Son yılların en şahane Türk filmlerinden biri olan Kaybedenler Kulübü'ndeki en güzel repliklerden biri şudur: "Bunca insan yalnızken neden bunca insan yalnız?"
Son yıllarda ne kadar çok duyuyoruz buna benzer cümleleri.
Herkes bir şeylerden ya da birilerinden şikayet ediyor. En çok da "yalnızlık" kelimesi dillendiriliyor ağızlarda.
Kimi dostunu vefasızlıkla suçluyor, kimi eski şarkıları dinleyip "Ah nerde o eski aşklar? Şimdiki insanlar hissetmiyor ki oturup adamakıllı şarkı yapsınlar." diye geçmişe güzellemeler sunuyor.
Herkes aynı dertlerden muzdarip ama kimse birbirinin ilacı, merhemi, yara bandı olmuyor. Olamıyor.
Adını andığım filmdeki adamların dediği gibi herkes yalnızlıktan şikayet edip yalnız kalıyor.
Kimse ilk adımı atan kişi olmak istemiyor; serde gurur var, pişmanlık var çünkü.
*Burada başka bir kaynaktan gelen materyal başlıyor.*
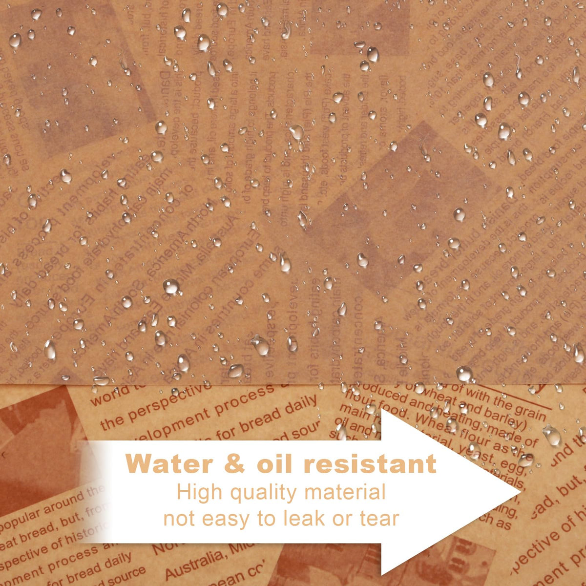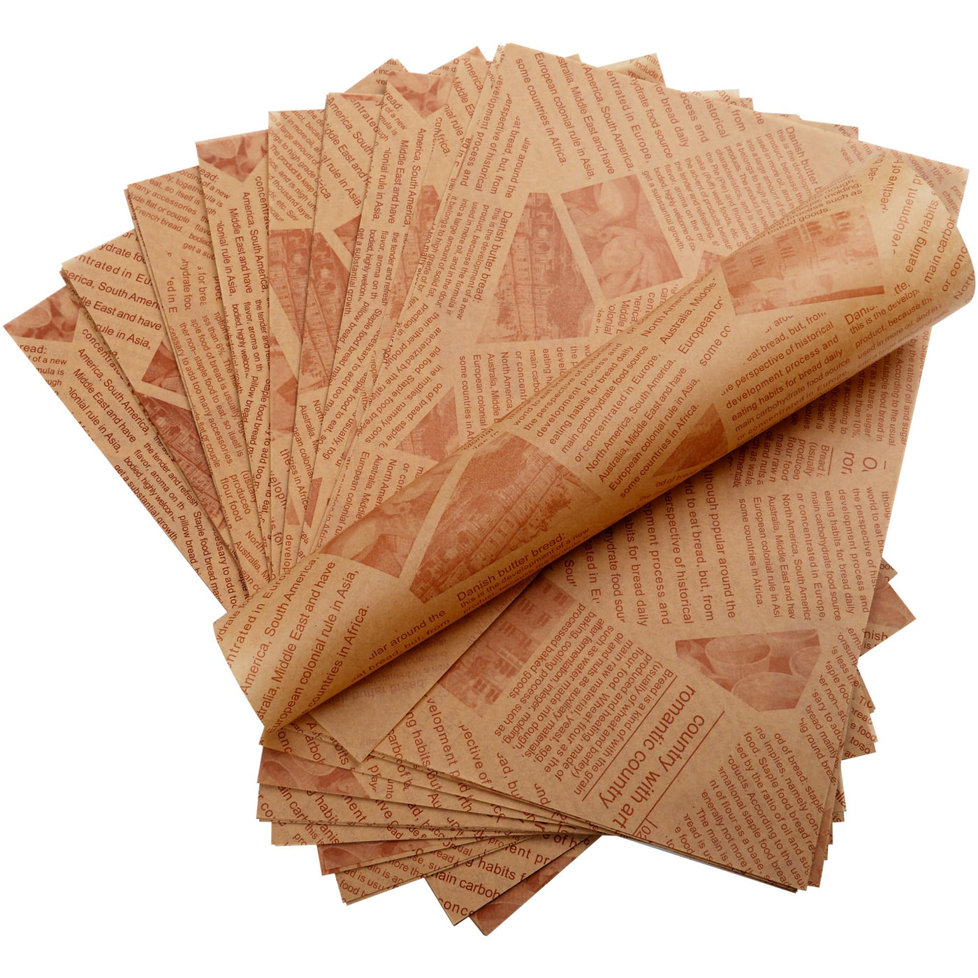 • Q: What style do the wax paper sheets feature? A: The sheets feature an old newspaper style print, adding a vintage look to your food presentation.

Hatta bir nebze de olsa duygusuzluk, hissizlik.
Kimsenin eli telefona gitmiyor ama herkes her an tetikte. Bir çağrı ya da bir mesaj bekleniyor. Hiç olmadı sosyal medya iletilerinde imâlı bir söz.
Uzun bekleme anlarından sonra gelen mesajların beklenenden değil bir bankadan, telefon operatöründen ya da bilmem kaç yıldızlı bir otelden gelmesine içerleniyor. Küfürler savruluyor.
Kadınlar kendilerini anlayan olgun erkekler bulamamaktan yakınıyor. En entelektüel görünen erkeklerin bile belli bir aşamayı geçmeden sağlıklı ilişkiler kurma ehliyetine sahip olamadıklarını tecrübe ediyor.
"30'uma kadar evlenmeliyim." düsturu kendilerine toplum tarafından dayatılmış olan kadınlar evlenilecek adam bulamadıklarından yakınıyor. Tehlike çanları çalarken ilk adımı atmaya çalışıyorlar ama nafile. Henüz büyüyememiş erkekler kendilerini naza çekiyor. Üstelik bu adamlar dünyanın en önemli insanı pozlarını takınıp, ıssız adam triplerini yaşıyor.
Erkeklerse... Bence ne istediklerini tam olarak bilemiyorlar.
Bunca şeyden sonra düşünüyorum hâlâ ?: "Bunca insan yalnızken neden bunca insan yalnız?"
Yazıyla ilgisiz not: Kaybedenler Kulübü'nün şahane oyuncusu Nejat İşler lise yıllarından beri hayranı olduğum biri. Ne olur tamamen iyileşsin artık da biz ondan hep böyle şahane replikler duyalım.